Warm air rises from the warm ground, cooler air percolates down, and all this happens chaotically, rather than smoothly. These bubbles of warm and cold air act as lenses magnifying or reducing the image of the Moon or planet, unfortunately, they do it chaotically, and ever changeingly, so the image of the planet (and its focus) jiggles around like a diseased chicken (see the video of the Moon down below to see what I mean). Now, there are ways to get around this, using a video-type camera taking tens of frames in one exposure, you can use a program like registax to sift through the frames, eliminate the real stinkers and average out the rest to give an acceptable image.

But when things are really bad nothing will help. The bubbles twinkle faster than the shutter speed of your video camera (in my case a Phillips ToUCam web cam) and the image is hopelessly blurred beyond all the help of fast Fourier transforms or wavelet analysis. It is then that sketching comes in handy, your eye has better time resolution than any web cam, and you can catch the fleeting moments when the planet is in focus and set them down.

Mars changes in size over the month (click to embiggen).

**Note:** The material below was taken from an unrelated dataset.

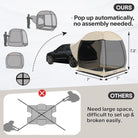 - EASY POP UP & TAKE DOWN: Trunk tent suv car tent pop up automatically, set up and attached with vehicle in a second, much easier than the other assembly car tents in the market. It measures 7’x7’x7.2’H, large interior space fits 4 - 5 adults comfortably. The innovative folding technique allow you to easily fold down it into a carry bag, dia 51.2”, only 16.6 lbs, lightweight and portable.
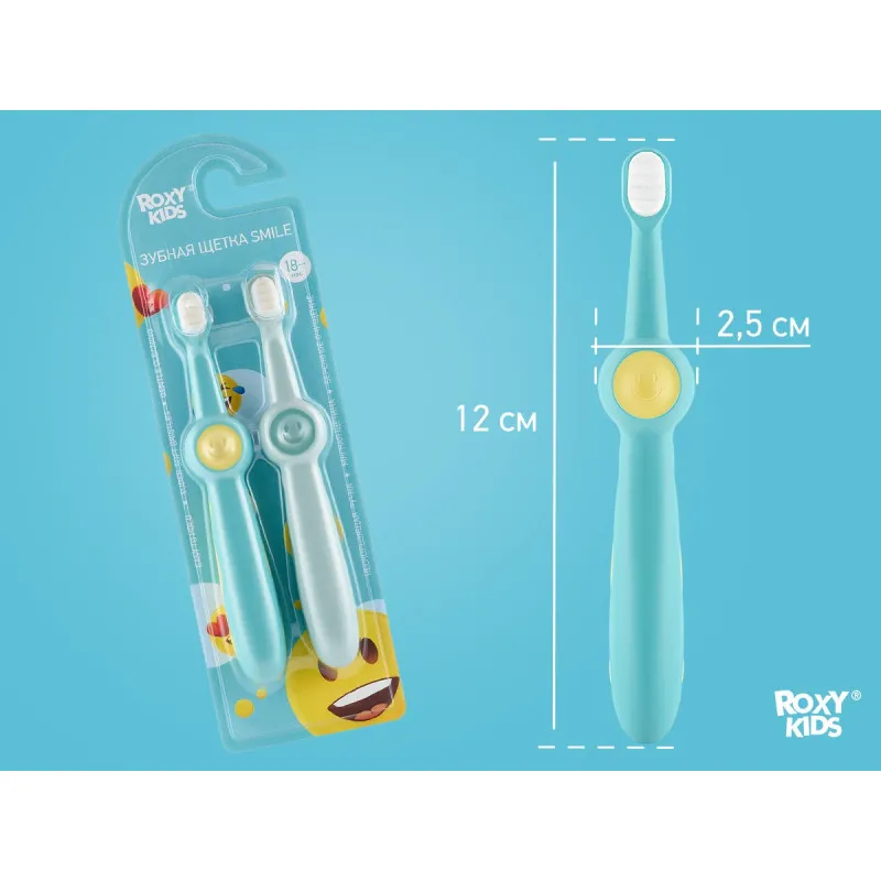 Periuțele de dinți SMILE de la ROXY-KIDS cu peri ultra-moi sunt concepute pentru îngrijirea confortabilă și sigură a primilor dinți și a cavității bucale a bebelușului.

Where in the sky the planet is matters as well. From Adelaide, Mars is barely 30 degrees (5 handspans) above the horizon. Mars is still close to all the murk that hangs around close to the horizon. And because of line of sight effects, the light from Mars has to travel through a whole lot more atmosphere (with a whole lot more chance to get bumped and bubbled around. That's why winter oppositions when the ecliptic is high in the sky and the air is cold and still, is the best for observing planets.



Twinkle, twinkle little star? It looks great in the sky, but if the stars near the planet you want to observe are twinkling furiously, forget getting the telescope out, the planet will be jiggling like demented jelly in your eyepieces.